START INFORMATION GIVEN

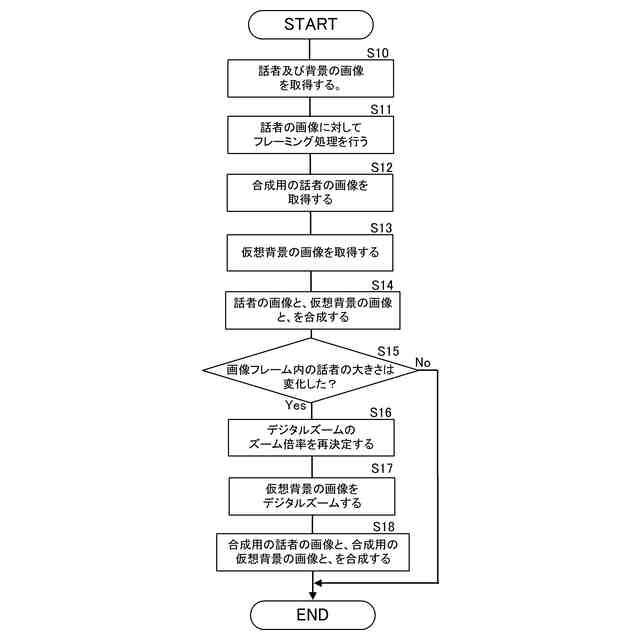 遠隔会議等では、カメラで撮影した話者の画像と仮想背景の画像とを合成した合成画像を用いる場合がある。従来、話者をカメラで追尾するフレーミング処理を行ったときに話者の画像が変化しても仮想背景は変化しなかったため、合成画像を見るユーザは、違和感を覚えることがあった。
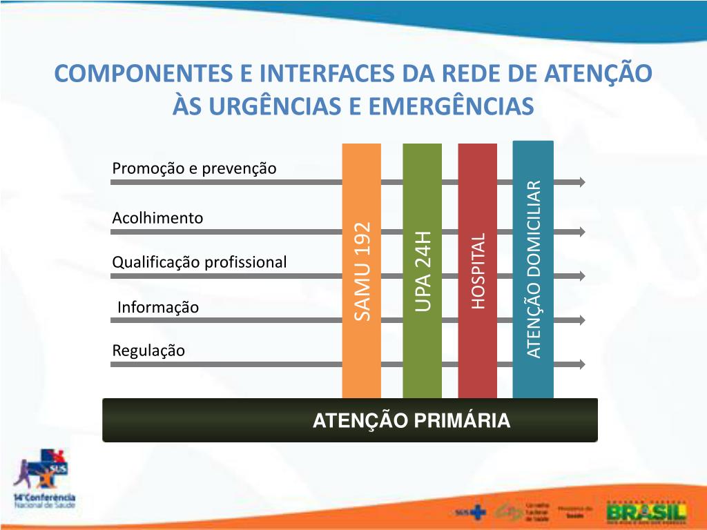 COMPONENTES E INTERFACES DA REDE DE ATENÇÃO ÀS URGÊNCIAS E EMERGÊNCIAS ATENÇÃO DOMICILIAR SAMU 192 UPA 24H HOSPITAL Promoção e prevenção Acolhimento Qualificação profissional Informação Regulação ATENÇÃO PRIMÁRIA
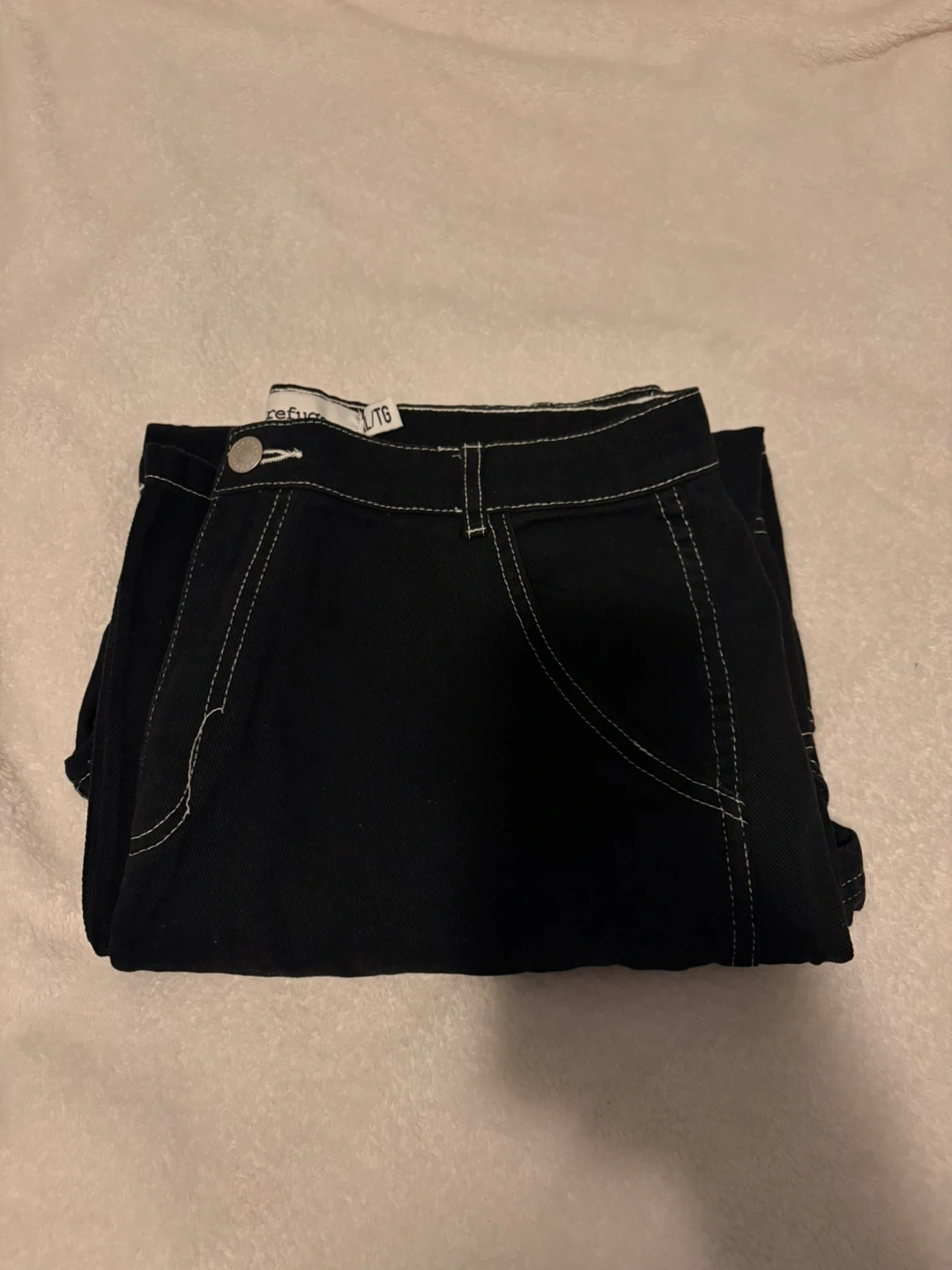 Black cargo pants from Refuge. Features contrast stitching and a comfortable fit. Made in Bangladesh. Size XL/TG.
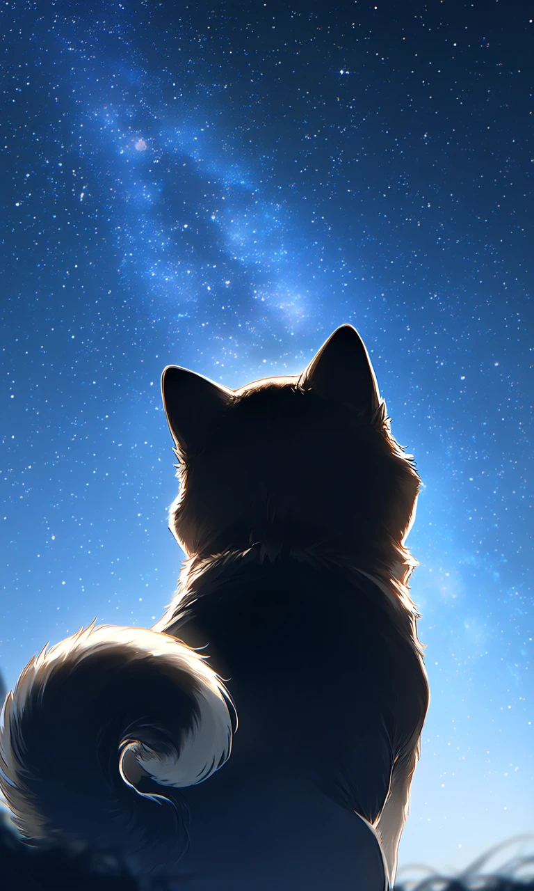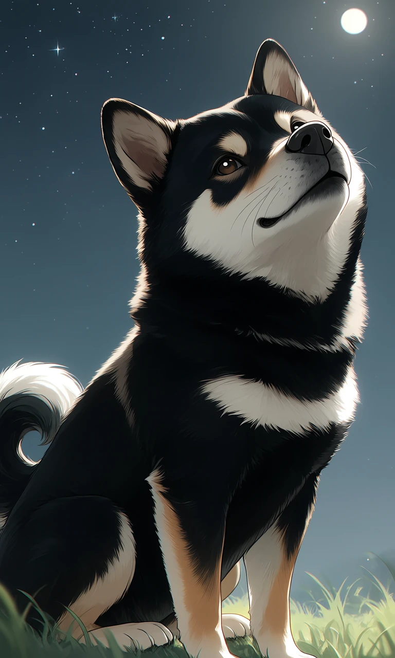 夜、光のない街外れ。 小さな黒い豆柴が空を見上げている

END INFORMATION GIVEN
START INFORMATION GIVEN

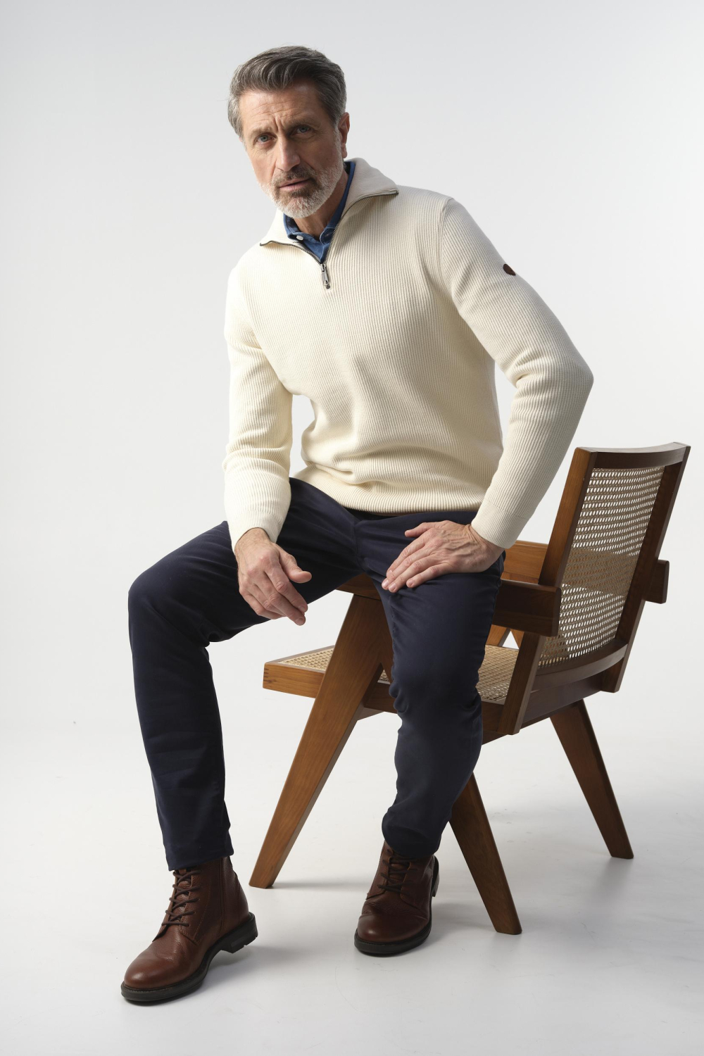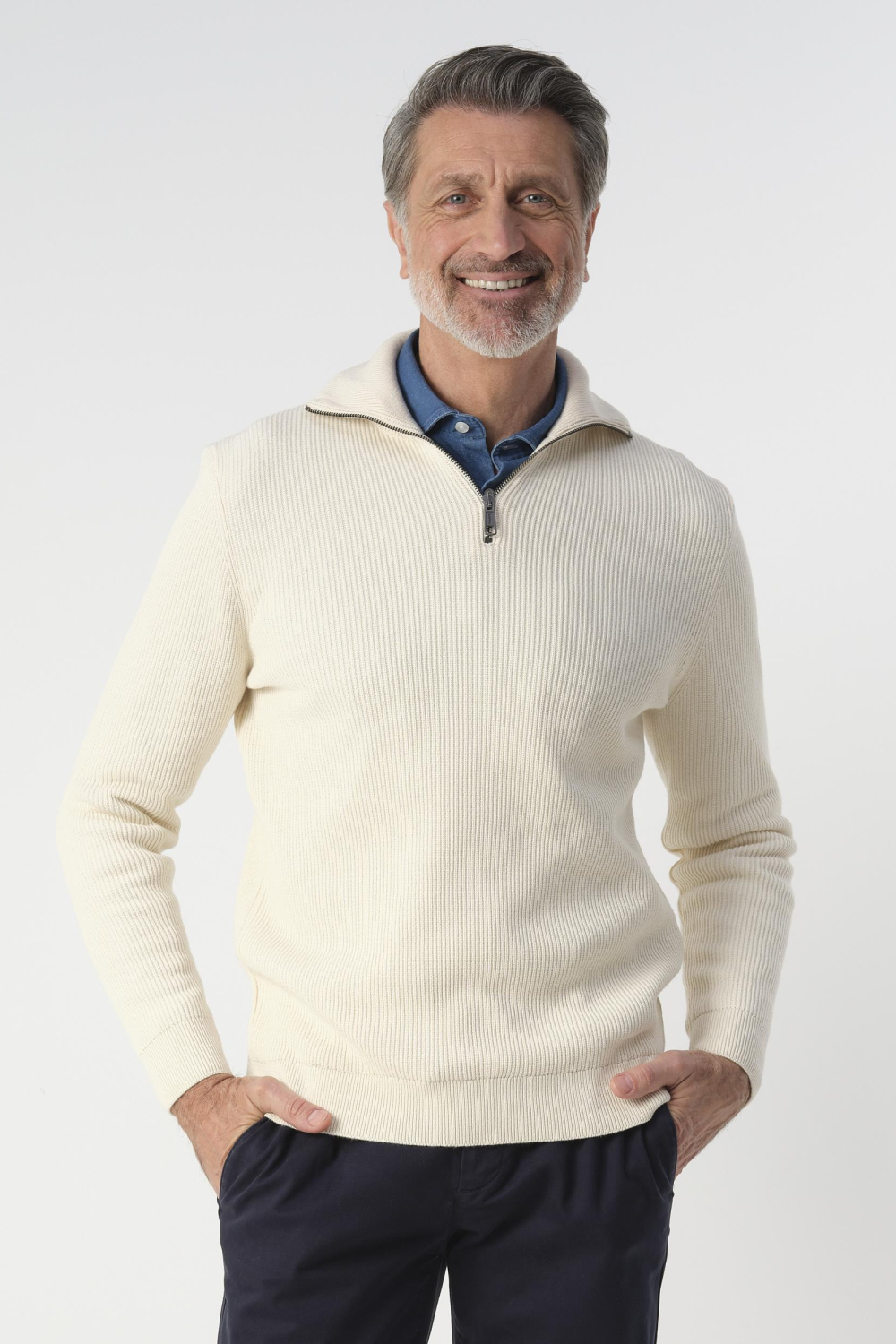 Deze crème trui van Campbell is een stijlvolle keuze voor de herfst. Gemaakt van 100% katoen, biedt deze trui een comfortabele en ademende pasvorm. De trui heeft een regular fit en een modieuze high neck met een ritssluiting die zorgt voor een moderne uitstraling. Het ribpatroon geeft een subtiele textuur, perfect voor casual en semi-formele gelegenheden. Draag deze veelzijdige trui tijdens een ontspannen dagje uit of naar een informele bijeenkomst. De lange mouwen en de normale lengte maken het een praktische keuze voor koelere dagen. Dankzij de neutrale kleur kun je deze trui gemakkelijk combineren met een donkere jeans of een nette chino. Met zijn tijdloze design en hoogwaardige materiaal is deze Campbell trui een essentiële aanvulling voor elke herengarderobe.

END INFORMATION GIVEN

» WORK TASK
Print everything from the line with "遠隔会議等では、カメラで撮影" down to the line with "夜、光のない街外れ。 小さな黒い豆柴が空を見上げている" in the entries above, both lines included and nothing more, without the pictures.

» REPLY
 遠隔会議等では、カメラで撮影した話者の画像と仮想背景の画像とを合成した合成画像を用いる場合がある。従来、話者をカメラで追尾するフレーミング処理を行ったときに話者の画像が変化しても仮想背景は変化しなかったため、合成画像を見るユーザは、違和感を覚えることがあった。
 COMPONENTES E INTERFACES DA REDE DE ATENÇÃO ÀS URGÊNCIAS E EMERGÊNCIAS ATENÇÃO DOMICILIAR SAMU 192 UPA 24H HOSPITAL Promoção e prevenção Acolhimento Qualificação profissional Informação Regulação ATENÇÃO PRIMÁRIA
 Black cargo pants from Refuge. Features contrast stitching and a comfortable fit. Made in Bangladesh. Size XL/TG.
 夜、光のない街外れ。 小さな黒い豆柴が空を見上げている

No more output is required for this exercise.